Economic, social and territorial cohesion
Economic and social cohesion is an expression of solidarity between the Member States and regions of the European Union. The aim is balanced development throughout the EU, reducing structural disparities between regions and promoting equal opportunities for all. In practical terms, this is achieved by means of a variety of financing operations, principally through the Structural Funds and the Cohesion Fund. Every three years the European Commission presents a report on progress made in achieving economic and social cohesion and on how Community policies have contributed to it.
At European level, the origins of economic and social cohesion go back to the Treaty of Rome (1957) where a reference is made in the preamble to reducing regional disparities. In the 1970s, Community action was taken to coordinate the national instruments and provide additional financial resources. Subsequently these measures proved inadequate given the situation in the Community, where the establishment of the internal market, contrary to forecasts, had failed to even out the differences between regions. With the adoption of the Single European Act in 1986, economic and social cohesion proper was made an objective alongside completing the single market.
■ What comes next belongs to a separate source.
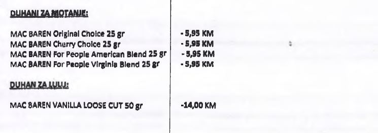Odlukom o utvrđivanju posebne i minimalne akcize na cigarete i iznos akcize na duhan za pušenje za 2016. godinu je definisano da će se od 1. januara 2017. godine, na cigarete plaćati proporcionalna akciza po stopi od 42 posto maloprodajne cijene cigareta i specifična akciza u iznosu od 67,50 KM za 1.000 komada, odnosno 1,35 KM za pakiranje od 20 komada, navodi N1.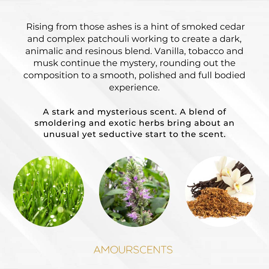 Rising from those ashes is a hint of smoked cedar and complex patchouli working to create a dark, animalic and resinous blend. Vanilla, tobacco and musk continue the mystery, rounding out the composition to a smooth, polished and full bodied experience. A stark and mysterious scent. A blend of smoldering and exotic herbs bring about an unusual yet seductive start to the scent.

The Maastricht Treaty (1992), finally, incorporated the policy into the EC Treaty itself (Articles 158 to 162).
Economic and social cohesion is essentially implemented through the regional policy of the European Union. Besides the reform of the common agricultural policy and enlargement to the Central and East European countries in 2004, regional policy was one of the major issues discussed in Agenda 2000, which covers the period 2000-2006, largely because of the financial implications.
Regional policy is the European Union's second largest budget item, with an allocation of 348 billion euros (2006 prices) for the period 2007-2013. Enlargement to 27 Member States in January 2007 has meant an entirely new order. The surface area of the European Union has increased by over 25%, its population by over 20%, and its wealth by only 5% approximately. Average GDP per capita in the European Union has fallen by more than 10% and regional disparities have doubled. Since 60% of the regions whose development is lagging behind are in the 12 Member States which joined the EU In 2004, the centre of gravity of regional policy is shifting eastwards.
For the period 2007-2013, economic and social cohesion will have to concentrate more on crucial development concerns in the field of economic growth and employment while continuing to support regions which have not completed the process of convergence in real terms. Structural assistance also remains necessary in geographical areas facing specific structural problems (areas undergoing industrial restructuring, urban areas, rural areas, areas dependent on fishing, and areas suffering from natural or demographic handicaps). Finally, simplification and decentralisation of the management of regional policy financial instruments (Structural Funds and Cohesion Fund) will be the watchwords of the regional policy reform for the period 2007-2013.